On the most basic level, Scheme is the call-by-value lambda calculus. It's well-studied, well-understood, and eminently flexible. However the way that the syntax maps to the semantics hides a constrictive monomorphism: that the "callee" of a call refer to a lambda expression.

Concretely, in an expression like (a b), in which a is not a macro, a must evaluate to the result of a lambda expression. Perhaps by reference (e.g. (define a (lambda (x) x))), perhaps directly; but a lambda nonetheless. But what if a is actually a vector? At that point the Scheme language standard would declare that to be an error.

The semantics of Clojure, though, would allow for ((vector 'a 'b 'c) 1) to evaluate to b. Why not in Scheme? There are the same good and bad reasons as with ref. Usually, the concerns of the language implementation dominate, regardless of those of the users who generally want to write terse code. Of course in some cases the implementation concerns should dominate, but not always. Here, Scheme could be more flexible if it wanted to.

what have you done for me lately

Although inline caches are not a miracle cure for performance overheads of polymorphic dispatch, they are a tool in the box. But what, precisely, can they do, both in general and for Scheme?

To my mind, they have five uses. If you can think of more, please let me know in the comments.

Firstly, they have the classic named property access optimizations as in JavaScript. These apply less to Scheme, as we don't have generic property access. Perhaps this is a deficiency of Scheme, but it's not exactly low-hanging fruit. Perhaps this would be more interesting if Guile had more generic protocols such as Racket's iteration.
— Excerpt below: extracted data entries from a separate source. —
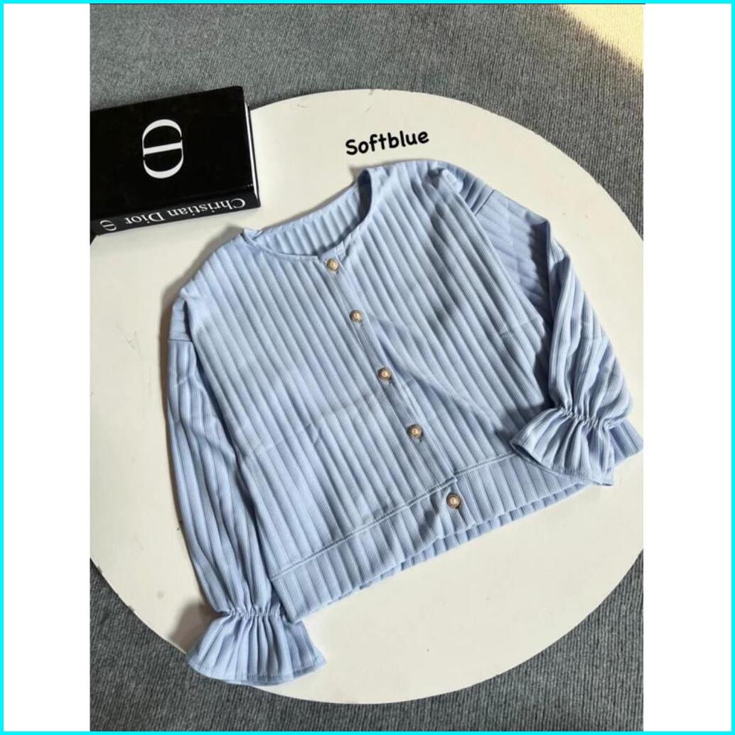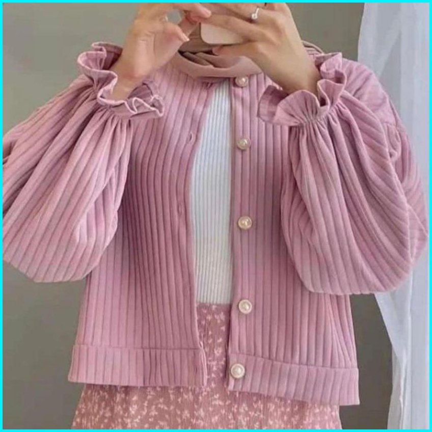 Cardigan Crop Top Hornet Kancing Lengan Panjang Kerut Balon Wanita Knit Kardigan
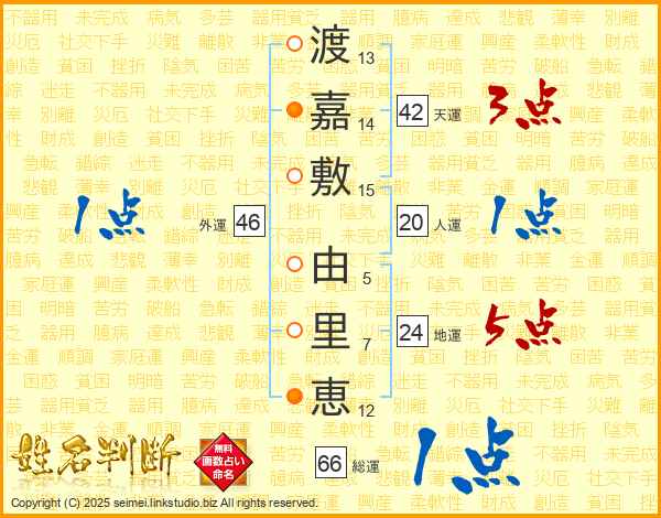 渡(13画)嘉(14画)敷(15画) 由(5画)里(7画)恵(12画)
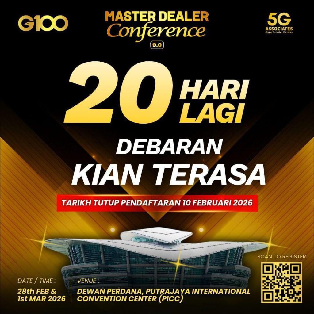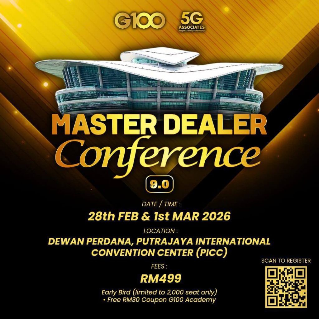 Setelah MD Conference ke-8.0 diadakan pada Ogos 2025 dengan jayanya, G100 akan mengadakan MD Conference untuk kali ke-9.0 pada 28 Feb 2026 – 1 Mac 2026 akan datang. Ini peluang bernetworking bersama Top Achievers dan korek rahsia kejayaan mereka untuk membangunkan serta mengukuhkan bisnes anda sendiri.
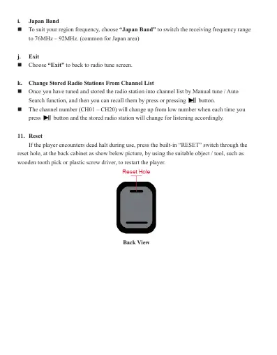 If the player encounters dead halt during use, press the built-in “RESET” switch through the
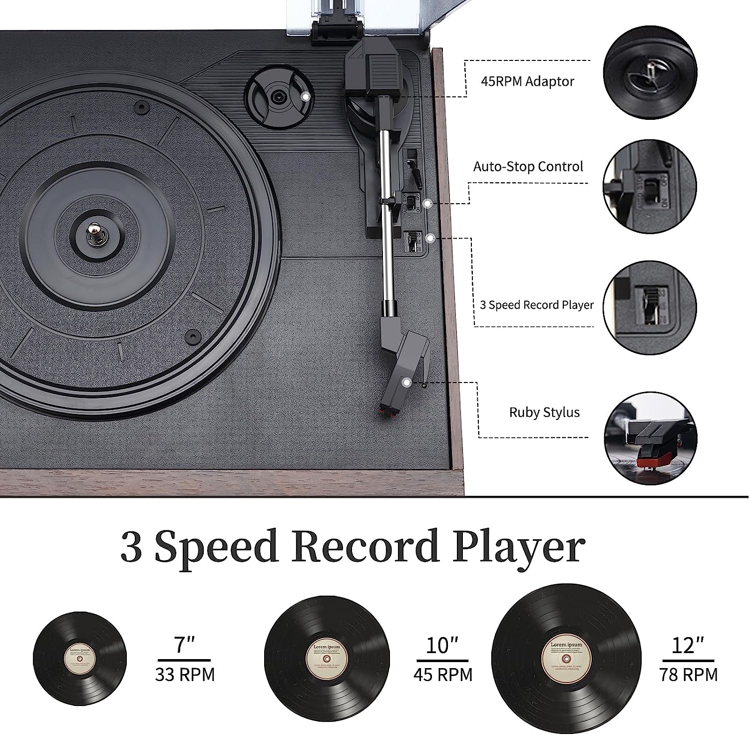 ✨3-Speed Vinyl Record Player
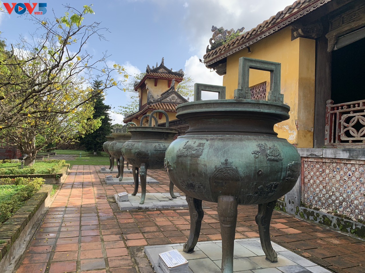 Cửu đỉnh được đặt tại sân Thế Tổ Miếu đã gần 200 năm qua. |

Next, there are the arithmetic operators: addition, multiplication, and so on. Scheme's arithmetic is indeed polymorphic; the addition operator + can add any number of complex numbers, with a distinction between exact and inexact values. On a representation level, Guile has fixnums (small exact integers, no heap allocation), bignums (arbitrary-precision heap-allocated exact integers), fractions (exact ratios between integers), flonums (heap-allocated double-precision floating point numbers), and compnums (inexact complex numbers, internally a pair of doubles). Also in Guile, arithmetic operators are a "primitive generics", meaning that they can be extended to operate on new types at runtime via GOOPS.

The usual situation though is that any particular instance of an addition operator only sees fixnums. In that case, it makes sense to only emit code for fixnums, instead of the product of all possible numeric representations. This is a clear application where inline caches can be interesting to Guile.
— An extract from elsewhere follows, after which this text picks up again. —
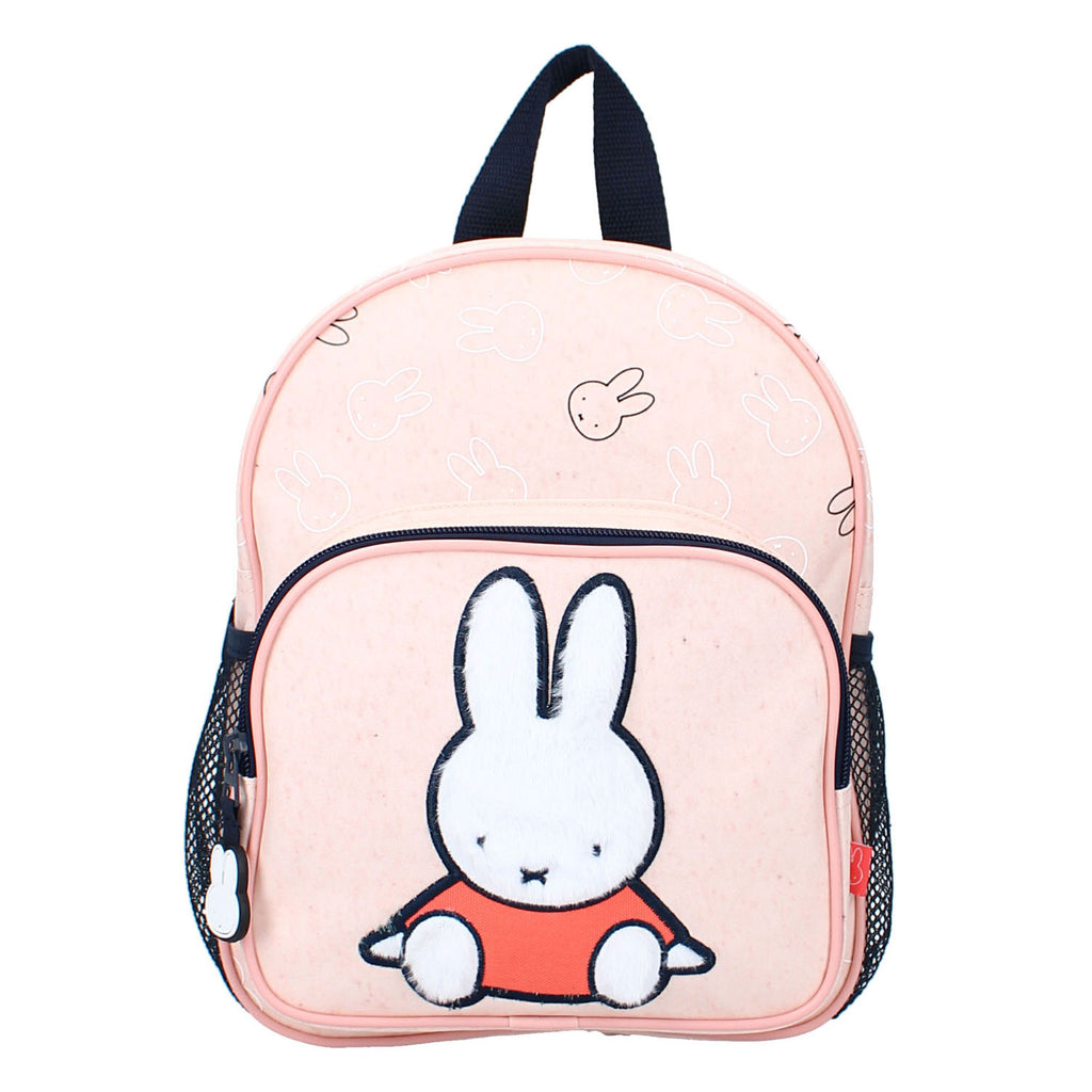 Lichtroze Nijntje rugzak met afbeelding van Nijntje op het voorvak. Rugzak met grote vak, voorvak, zijvakken, lus en schouderbanden. Afmeting: 29 bij 23 bij 8 cm.
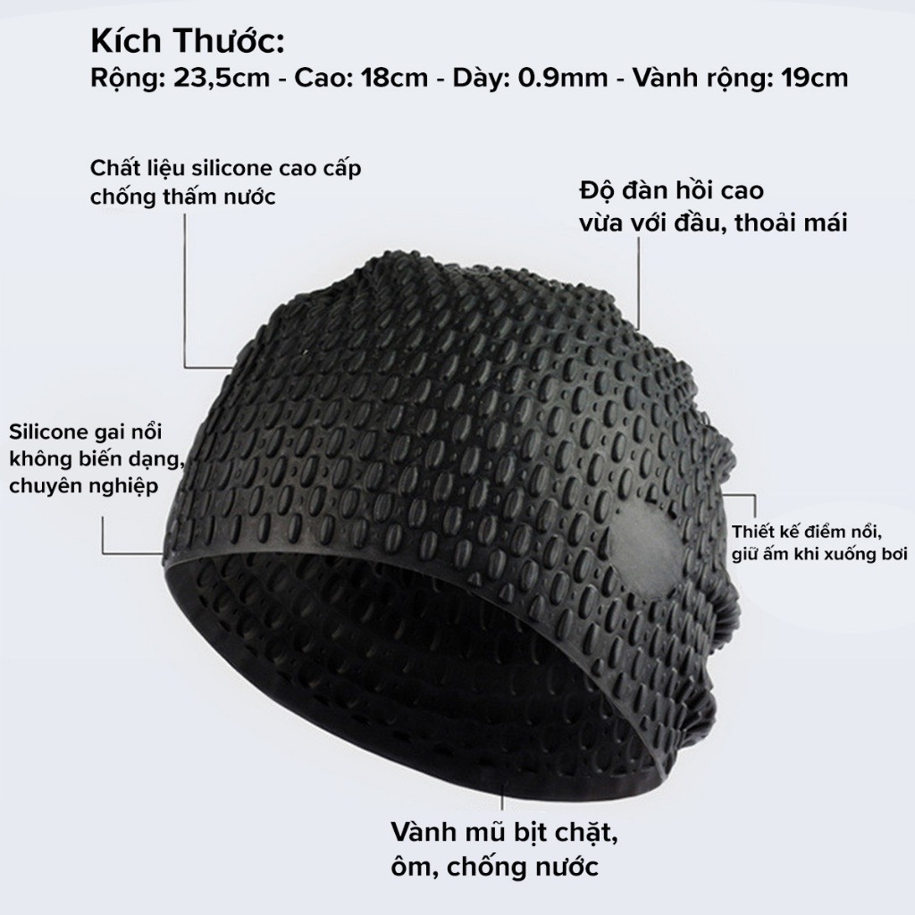 ✨Mũ Bơi Người Lớn, Trẻ Em Silicone Siêu Co Giãn – Chọn Màu, Siêu Bền, Siêu Mềm, Chống Thấm Nước Loại Có Gai - Hàng Chính Hãng dododios

Third, there is a very specific case related to dynamic linking. Did you know that most programs compiled for GNU/Linux and related systems have inline caches in them? It's a bit weird but the "Procedure Linkage Table" (PLT) segment in ELF binaries on Linux systems is set up in a way that when e.g. libfoo.so is loaded, the dynamic linker usually doesn't eagerly resolve all of the external routines that libfoo.so uses. The first time that libfoo.so calls frobulate, it ends up calling a procedure that looks up the location of the frobulate procedure, then patches the binary code in the PLT so that the next time frobulate is called, it dispatches directly. To dynamic language people it's the weirdest thing in the world that the C/C++/everything-static universe has at its cold, cold heart a hash table and a dynamic dispatch system that it doesn't expose to any kind of user for instrumenting or introspection -- any user that's not a malware author, of course.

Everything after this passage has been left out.